The test data was originally annotated and the accuracy of your prediction will be evaluated w.r.t. this ground truth.

This notebook should contain all the description of your experiments, the code to generate the classifier **and** the result file, as well as the rationale for your choices. If you prefer to split your work in different source files and/or notebooks, then use this notebook as a guide to the rest of your submitted material.

# Add your code below

***


#### Libraries

In [1]:
# pip install wordsegment
# pip install gensim

# Basics
import collections, itertools, joblib, re
import gensim as gs
import pandas as pd

from nltk.stem import WordNetLemmatizer
from gensim.corpora import Dictionary
from wordsegment import load, segment
from nltk.tokenize.treebank import TreebankWordDetokenizer as Detok
from nltk.tokenize import word_tokenize, TweetTokenizer

# Preprocessing
from sklearn.model_selection import train_test_split
from sklearn.preprocessing import StandardScaler
from sklearn.model_selection import cross_validate
from sklearn.pipeline import make_pipeline
from sklearn.model_selection import GridSearchCV
from sklearn.feature_extraction.text import CountVectorizer

# Models and Evaluation
from sklearn.linear_model import LogisticRegression
from sklearn.tree import DecisionTreeClassifier
from sklearn.ensemble import RandomForestClassifier
from sklearn.neighbors import KNeighborsClassifier
from sklearn.metrics import confusion_matrix, classification_report, plot_confusion_matrix

# pip install imblearn
from imblearn.pipeline import make_pipeline as make_pipeline_with_sampler
from imblearn.under_sampling import RandomUnderSampler

# Files
import json
# Text
import nltk
nltk.download('omw-1.4')


[nltk_data] Downloading package omw-1.4 to
[nltk_data]     C:\Users\samue\AppData\Roaming\nltk_data...
[nltk_data]   Package omw-1.4 is already up-to-date!


True

#### Reading files

In [2]:
# Reading data for training and testing and generate dataframes

tweets_train_path = r'.\data\Tweets\train.csv'
tweets_test_path = r'.\data\Tweets\test.csv'

tweets_train_df = pd.read_csv(tweets_train_path, header=0)
tweets_test_df = pd.read_csv(tweets_test_path, header=0)

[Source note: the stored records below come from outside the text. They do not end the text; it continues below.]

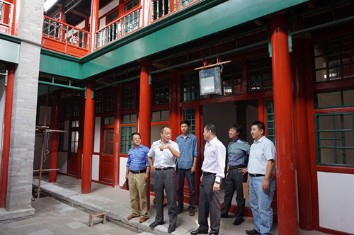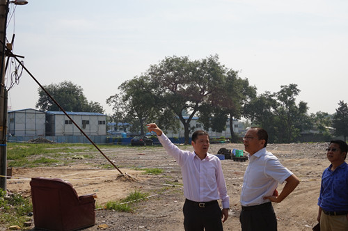 2015年9月14號,北京市國土資源局西城分局局長李偉、副局長黃東華、土地整理儲備中心主任王東等領導到大柵欄C3、H地塊及糧十旅館修繕現(xiàn)場調研指導工作。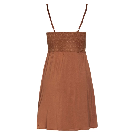 Das Sarah Uni Nachtkleidchen von Essenza ist in der Farbe Walnut erhältlich. Dieses warme walnussfarbene Nachthemd ist perfekt für romantische Abende. Das Kleid ist oben sinnlich mit Spitze verarbeitet und fächert sich nach unten hin schön auf. Eleganz pur! Die Träger gehen am Rücken in verstellbare Spaghettiträger über. Das Kleid ist aus Modal gefertigt, einem pflanzlichen Material, das aus dem Zellstoff von Buchen hergestellt wird, die in speziellen, nachhaltig bewirtschafteten Wäldern in Europa wachsen. Genauso wichtig ist, dass sich der Stoff super weich anfühlt, eine glatte Passform hat und atmungsaktiv ist.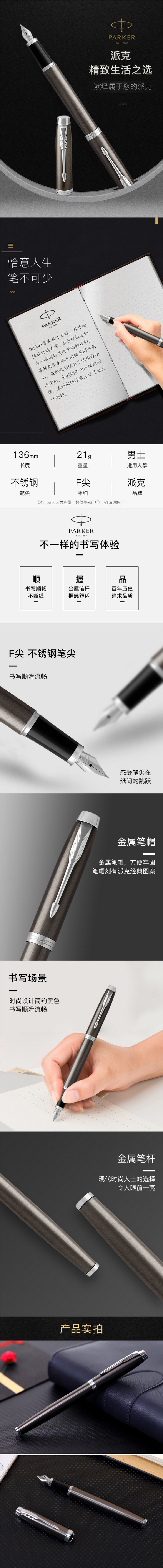 商品标题:派克PARKER16款IM金属灰白夹钢笔墨水笔(件)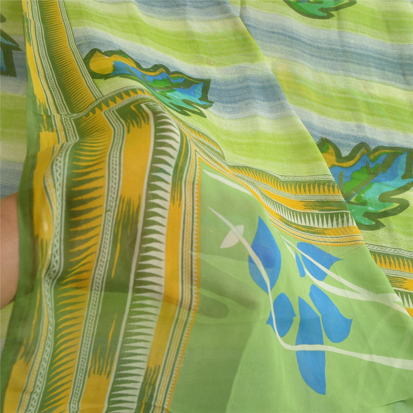 Sanskriti Vintage Sarees Green Pure Georgette Silk Printed Sari 5yd Craft Sustainable Fabric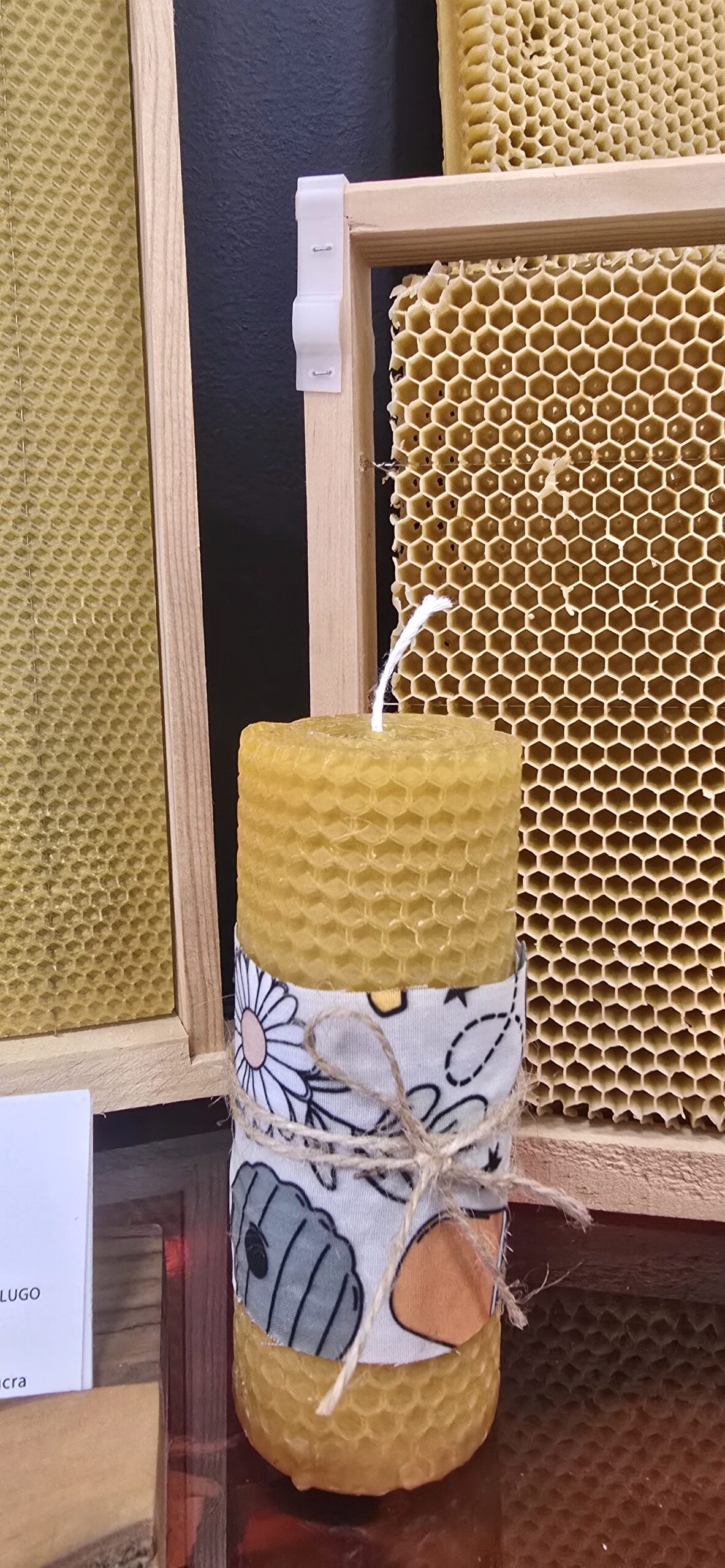Vela enrollada a mano a partir de lámina natural de cera de abeja.

print('Number of tweets\nTrain:', len(
    tweets_train_df), 'Test:', len(tweets_test_df))
print('\nTweets for training')
tweets_train_df.head(10)


Number of tweets
Train: 8007 Test: 890

Tweets for training


Unnamed: 0,Label,text
0,1,@AmericanAir well Done all of you xx
1,0,@united is the worst airline. Lost my luggage ...
2,0,@united Why don't you respond to my e-mails of...
3,0,@AmericanAir our flight AA 1338 is delayed out...
4,0,@virginAmerica Other carriers are less than ha...
5,0,@USAirways you guys have my luggage in San Jos...
6,0,@USAirways #usairways lost a passenger today f...
7,0,@united OMG!!! you just bumped me off the last...
8,1,@SouthwestAir Finally! Integration w/ passbook...
9,0,@AmericanAir stranded in Miami because your au...


#### Preprocessing

1. Cleaning
2. Tokenize
3. Split words that are together (e.g. *datascience -> data science*)
4. Removing stop words 
5. Omitting terms with length lower than 3

In [3]:
def cleaning(tweet):
    '''
    1. Remove HTTP/HTTPS and URLs
    2. Remove mentions
    3. Remove hashtag symbols
    4. Split words 
    5. Remove digits
    6. Convert text to lower case
'''

    # to remove links that start with HTTP/HTTPS in the tweet
    tweet = re.sub(r"http\S+", "", tweet)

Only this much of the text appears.